Enunciado (Questão inédita — estilo CESPE/CEBRASPE):
Maria, presidente de uma ONG de defesa dos direitos das pessoas com deficiência, foi convidada pelo Supremo Tribunal Federal para participar de audiência pública sobre a regulamentação da acessibilidade em espaços públicos. Durante a audiência, Maria apresentou dados técnicos, relatos de experiências vividas e sugestões normativas. Com base na teoria de Peter Häberle, assinale a alternativa correta:
(A) A participação de Maria na audiência pública é irrelevante do ponto de vista jurídico, pois apenas os órgãos estatais têm legitimidade para interpretar a Constituição.
(B) Maria atua como intérprete da Constituição em sentido amplo, contribuindo para a democratização do processo hermenêutico constitucional.
(C) A teoria de Häberle não se aplica ao caso, pois audiências públicas são meros procedimentos consultivos, sem força vinculante.
(D) A atuação de Maria viola o princípio da separação dos poderes, pois compete exclusivamente ao Poder Judiciário interpretar a Constituição.
(E) A participação de Maria configura usurpação de competência constitucional, já que cidadãos comuns não podem influenciar decisões do STF.
Gabarito: B
(A) Incorreta: A teoria de Häberle rompe exatamente com a ideia de que apenas órgãos estatais são intérpretes legítimos da Constituição. Maria, como representante de um grupo social, é intérprete em sentido amplo (ou pré-intérprete).
(B) Correta: Maria atua como intérprete da Constituição em sentido amplo, conforme a teoria de Häberle. Sua participação na audiência pública democratiza o processo interpretativo, fornecendo ao STF elementos técnicos, sociais e práticos que enriquecem a decisão.
(C) Incorreta: Ainda que as audiências públicas não tenham caráter vinculante, elas são instrumentos de legitimação democrática das decisões do STF. Häberle valoriza exatamente essa abertura dialógica.
(D) Incorreta: Não há violação à separação dos poderes. A participação de atores sociais no processo interpretativo não retira do Judiciário a competência para decidir; apenas o auxilia com informações e perspectivas plurais.
(E) Incorreta: Não há usurpação de competência.
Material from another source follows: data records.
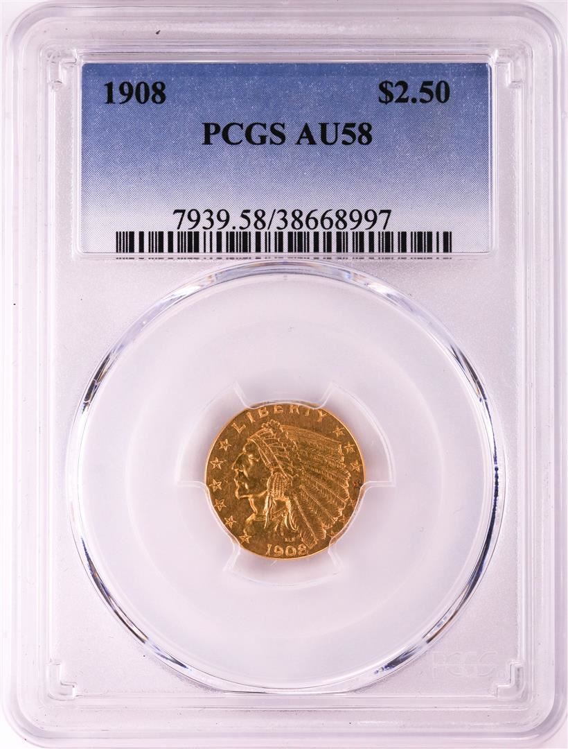 One 1908 $2 1/2 Indian Head Quarter Eagle Gold Coin PCGS AU58. PCGS Graded.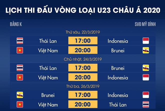 Để gặp U23 Thái Lan, U23 Indonesia đội tuyển U23 Việt Nam sẽ gặp Brunei ở trận ra quân của vòng loại giải U23 châu Á, thầy trò Park Hang-seo bắt buộc giành 3 điểm và phải thắng đậm để cạnh tranh với hai đối thủ mạnh còn lại.
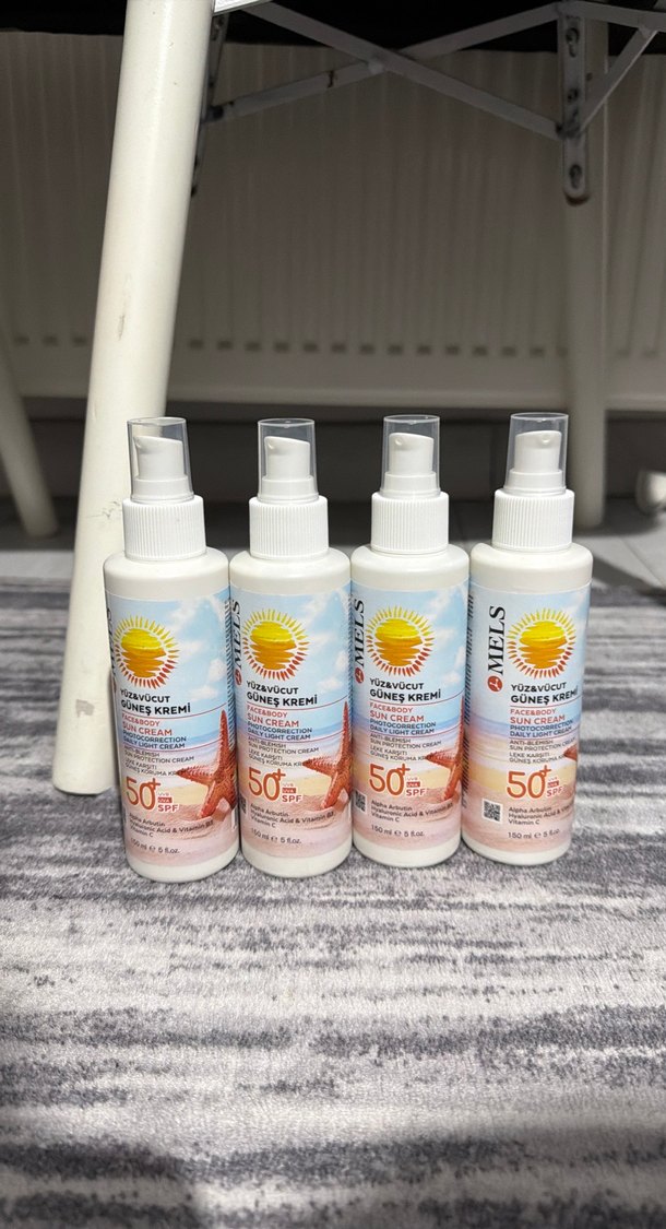 Yüz ve vücut için SPF 50 güneş kremi. Hafif formülüyle yüksek güneş koruması sağlar. Sprey şişede pratik kullanım sunar. ☀️ 2027 Temmuz son kullanım tarihi 4 lü fiyat 200 tl tekli alımda 75 tl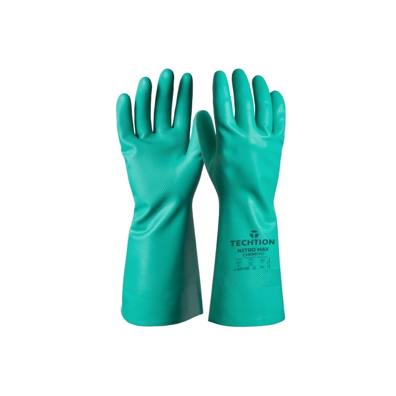 KARAM HS151 (L) Nitro Max Chempro gloves are high-performance chemical-resistant gloves designed for heavy-duty industrial applications. Made with a premium nitrile coating, these gloves provide excellent protection against a wide range of chemicals including acids, alkalis, oils, and solvents, ensuring safe handling in hazardous environments.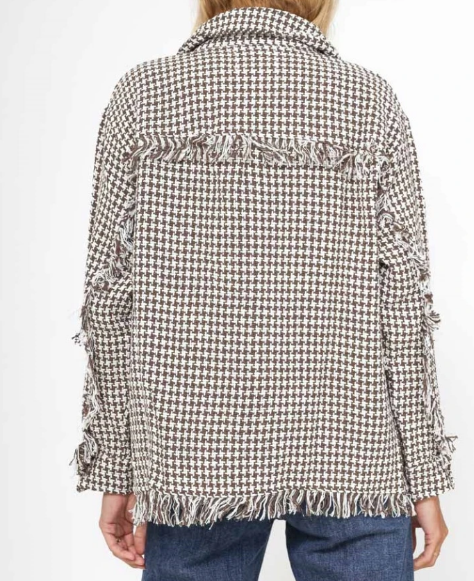 Amelia Houndstooth Fringe Overshirt - Brown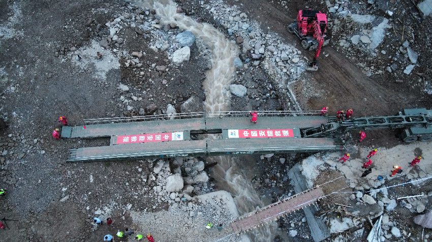 原本的石橋損壞后,救援隊(duì)伍用木板搭了一座臨時(shí)橋。7月21日晚上8點(diǎn)15分,就在受損的豆腐石橋位置,中國安能三局成功架設(shè)起一座應(yīng)急機(jī)械化橋,解決了救援人員和重型機(jī)械通行問題,為后續(xù)人員搜救和應(yīng)急保障提供了有力支撐。接下來,更多的大型機(jī)械將開進(jìn)救援現(xiàn)場,搜救失聯(lián)人員、排危除險(xiǎn)、消殺等工作仍在繼續(xù)。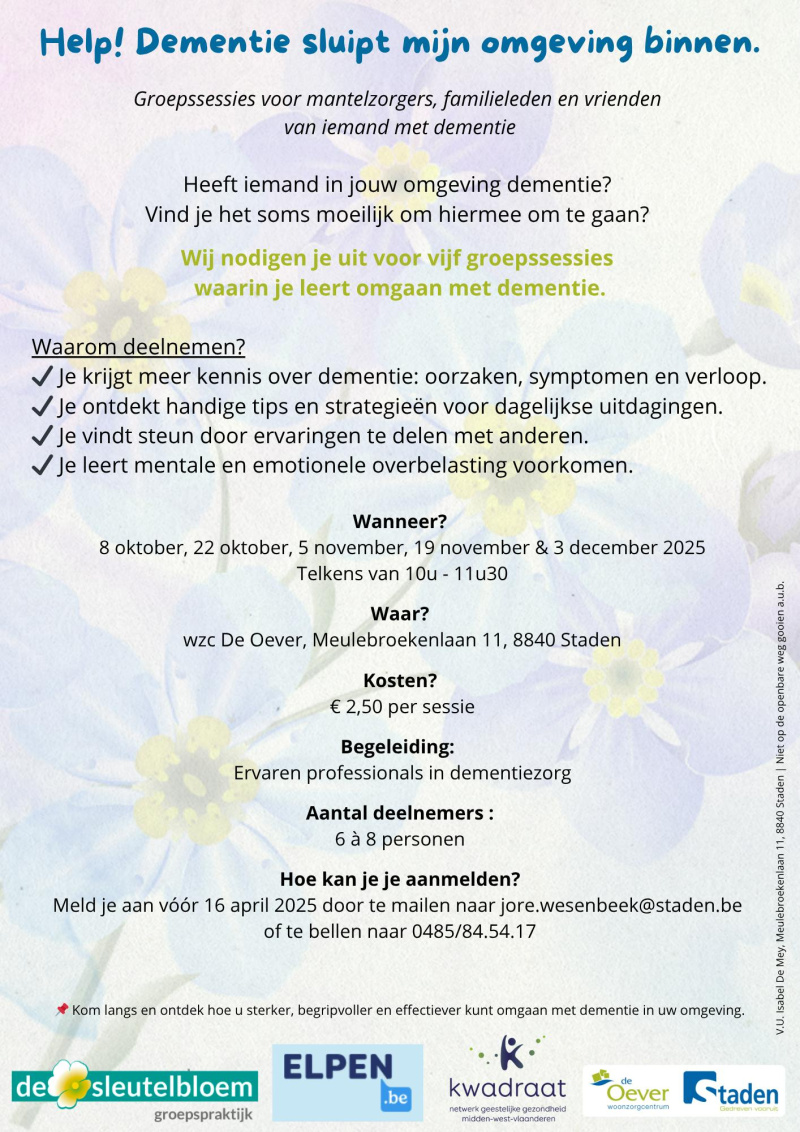 Bent u een familielid, vriend, kennis of mantelzorger van iemand met dementie? Voelt u zich soms overweldigd of onzeker over hoe u het beste kunt omgaan met deze situatie? Wij nodigen u van harte uit voor onze reeks van vijf groepssessies rond psycho-educatie over dementie, getiteld “Help! Dementie sluipt mijn omgeving binnen”.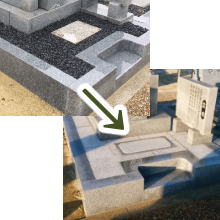 ※既存施工に合わせて張り合わせしますが、既存石碑巻石などが傾いている場合、段差が生じる場合がございます。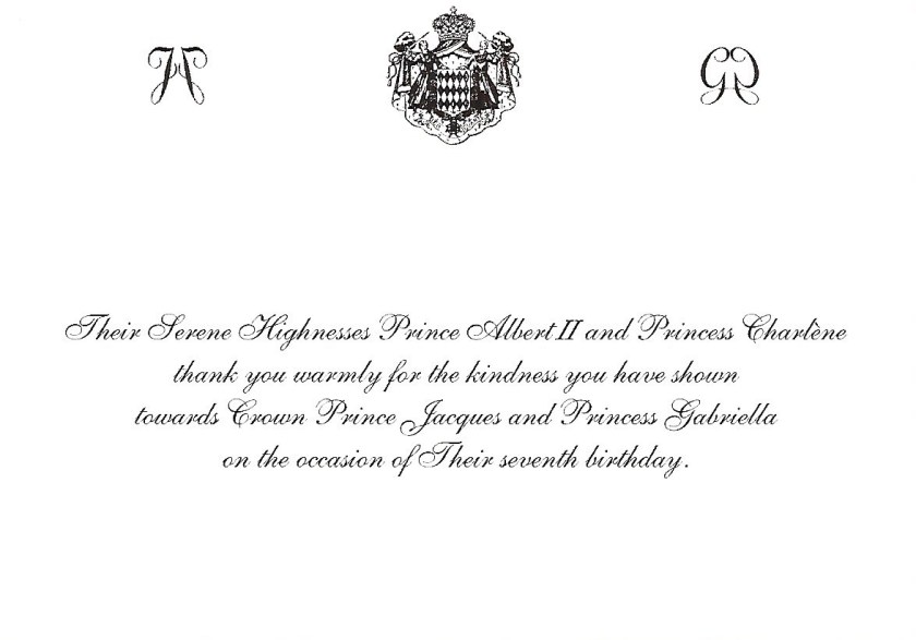 Royal response from Their Serene Highnesses The Prince and Princess of Monaco on the seventh birthday of their children Their Serene Highnesses Jacques, Hereditary Prince of Monaco, Marquis of Baux and Princess Gabriella, Countess of Carladès.

A teoria de Häberle defende justamente que cidadãos, ONGs, universidades e outros atores sociais podem e devem influenciar a interpretação constitucional, sem que isso configure ingerência indevida.
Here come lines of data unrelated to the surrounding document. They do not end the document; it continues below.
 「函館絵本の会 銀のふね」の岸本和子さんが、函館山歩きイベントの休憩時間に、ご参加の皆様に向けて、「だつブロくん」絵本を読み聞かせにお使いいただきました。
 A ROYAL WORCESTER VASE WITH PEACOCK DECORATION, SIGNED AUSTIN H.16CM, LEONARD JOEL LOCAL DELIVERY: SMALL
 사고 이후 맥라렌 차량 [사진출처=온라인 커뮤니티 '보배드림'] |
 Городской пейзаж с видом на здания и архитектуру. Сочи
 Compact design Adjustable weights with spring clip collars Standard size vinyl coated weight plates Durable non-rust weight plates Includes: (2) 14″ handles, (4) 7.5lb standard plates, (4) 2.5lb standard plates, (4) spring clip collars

Conclusão: Häberle e o futuro do constitucionalismo democrático
Peter Häberle nos deixou um legado inestimável: a Constituição como obra coletiva, viva, dinâmica e democrática. Sua morte, em 6 de outubro de 2025, encerra uma trajetória brilhante, mas não encerra a influência de suas ideias — que continuam a inspirar juristas, movimentos sociais e instituições em todo o mundo.
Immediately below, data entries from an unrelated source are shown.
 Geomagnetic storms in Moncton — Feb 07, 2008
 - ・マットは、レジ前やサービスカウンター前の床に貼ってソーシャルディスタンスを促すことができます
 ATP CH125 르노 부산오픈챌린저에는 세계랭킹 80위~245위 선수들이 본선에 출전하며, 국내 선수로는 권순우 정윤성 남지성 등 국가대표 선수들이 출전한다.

Para o concurseiro estratégico, dominar a teoria de Häberle não é luxo acadêmico: é necessidade prática. O tema aparece em questões objetivas, dissertativas, peças processuais e entrevistas de títulos. Mais do que isso: compreender Häberle é compreender o próprio sentido da Constituição de 1988 — uma Constituição cidadã, aberta, plural e democrática.
Dica final: Anote os exemplos práticos (amicus curiae, audiências públicas, pensamento das possibilidades) e treine questões anteriores. Häberle é um tema “curinga” em provas de alto nível — e agora, com seu falecimento, pode ganhar ainda mais protagonismo nas próximas provas. A Constituição é de todos. Häberle nos ensinou isso. Cabe a nós, futuros magistrados, promotores, defensores e procuradores, honrar esse legado.